High order direct parametrisation of invariant manifolds for model order reduction of finite element structures: application to large amplitude vibrations and uncovering of a folding point

TL;DR

This paper develops a high-order invariant manifold parametrisation method for nonlinear finite element structures, enabling accurate model reduction and analysis of large amplitude vibrations, including complex phenomena like folding points.

Contribution

It introduces a novel high-order parametrisation approach adapted for physical basis systems, with three styles, and demonstrates its effectiveness on complex nonlinear structural examples.

Findings

Successfully models softening and hardening behaviors in nonlinear structures.

Identifies folding points in invariant manifolds of large amplitude vibrations.

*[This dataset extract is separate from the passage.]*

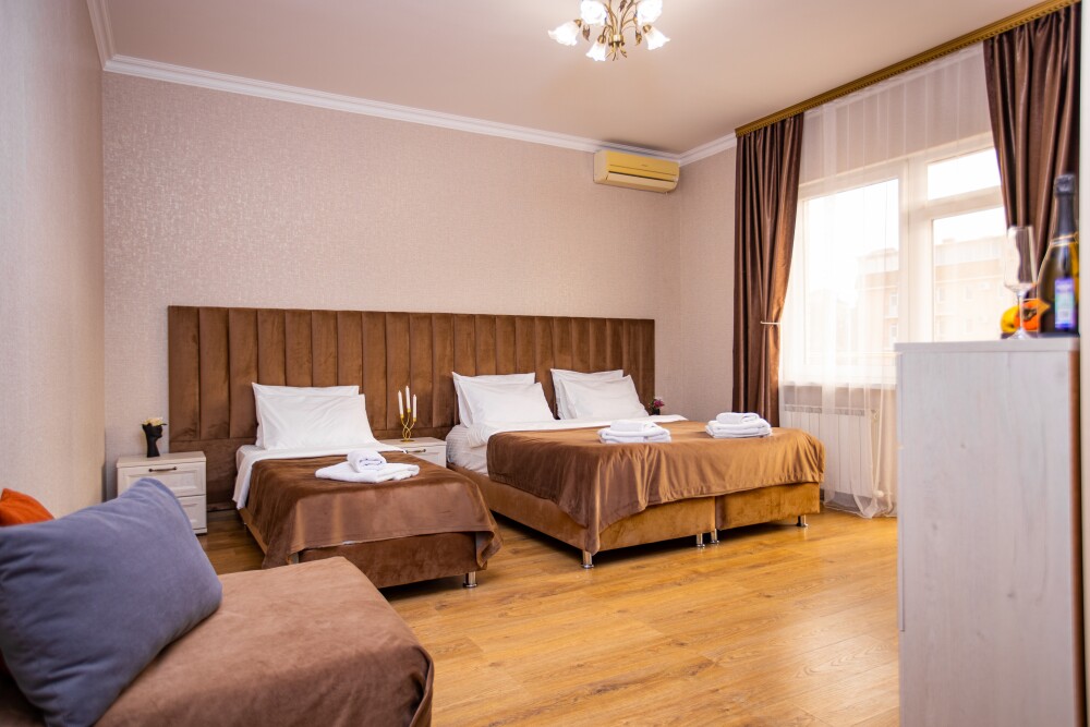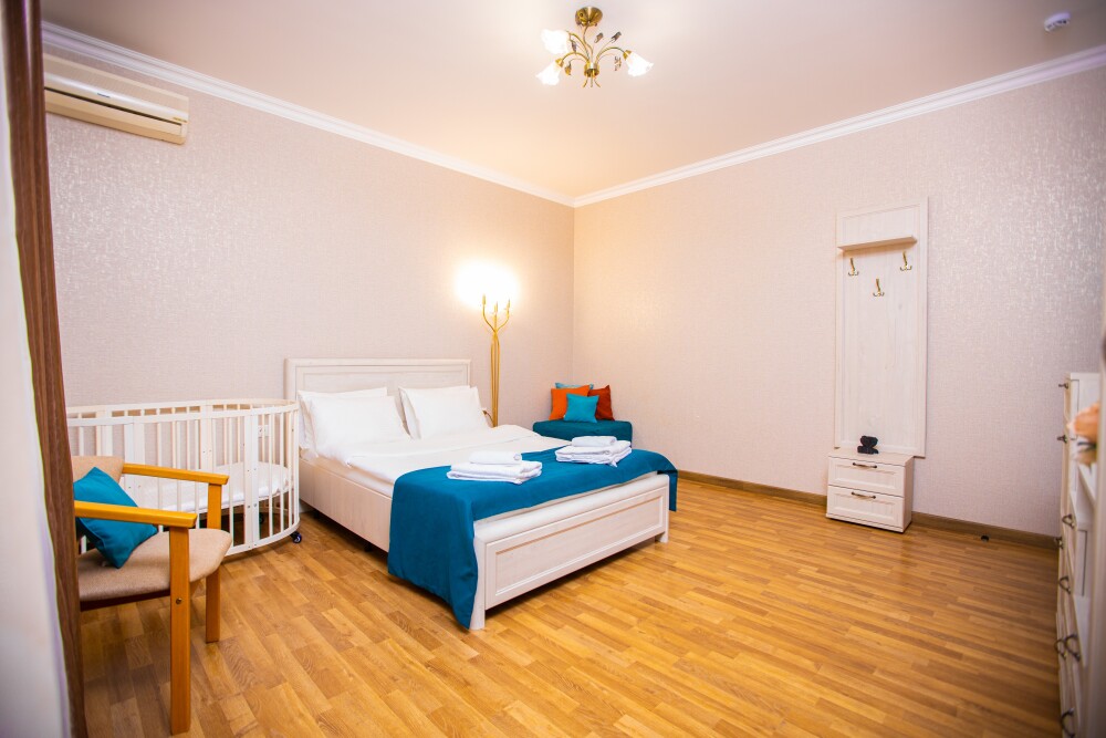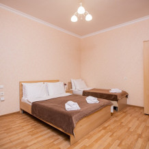 Просторный двухкомнатный номер создан для комфортного отдыха компании до 5 человек. В первой комнате - двуспальная кровать с ортопедическим матрасом, во второй - односпальная кровать и мягкий диван‑софа, легко трансформируемые в 2 дополнительных спальных места. Кондиционер поддерживает идеальную температуру, телевизор дарит часы развлечений, а балкон становится любимым местом для утреннего кофе или вечерних бесед. Всё необходимое - от фена до мелочей - уже подготовлено, чтобы Вы чувствовали себя как дома.

Shows high-order expansions are crucial for industrial-scale MEMS applications.

Abstract

This paper investigates model-order reduction methods for geometrically nonlinear structures. The parametrisation method of invariant manifolds is used and adapted to the case of mechanical systems expressed in the physical basis, so that the technique is directly applicable to problems discretised by the finite element method. Two nonlinear mappings, respectively related to displacement and velocity, are introduced, and the link between the two is made explicit at arbitrary order of expansion. The same development is performed on the reduced-order dynamics which is computed at generic order following the different styles of parametrisation. More specifically, three different styles are introduced and commented: the graph style, the complex normal form style and the real normal form style. These developments allow making better connections with earlier works using these parametrisation methods. The technique is then applied to three different examples. A clamped-clamped arch with increasing curvature is first used to show an example of a system with a softening behaviour turning to hardening at larger amplitudes, which can be replicated with a single mode reduction. Secondly, the case of a cantilever beam is investigated. It is shown that the invariant manifold of the first mode shows a folding point at large amplitudes which is not connected to an internal resonance. This exemplifies the failure of the graph style due to the folding point, whereas the normal form style is able to pass over the folding. Finally, A MEMS micromirror undergoing large rotations is used to show the importance of using high-order expansions on an industrial example.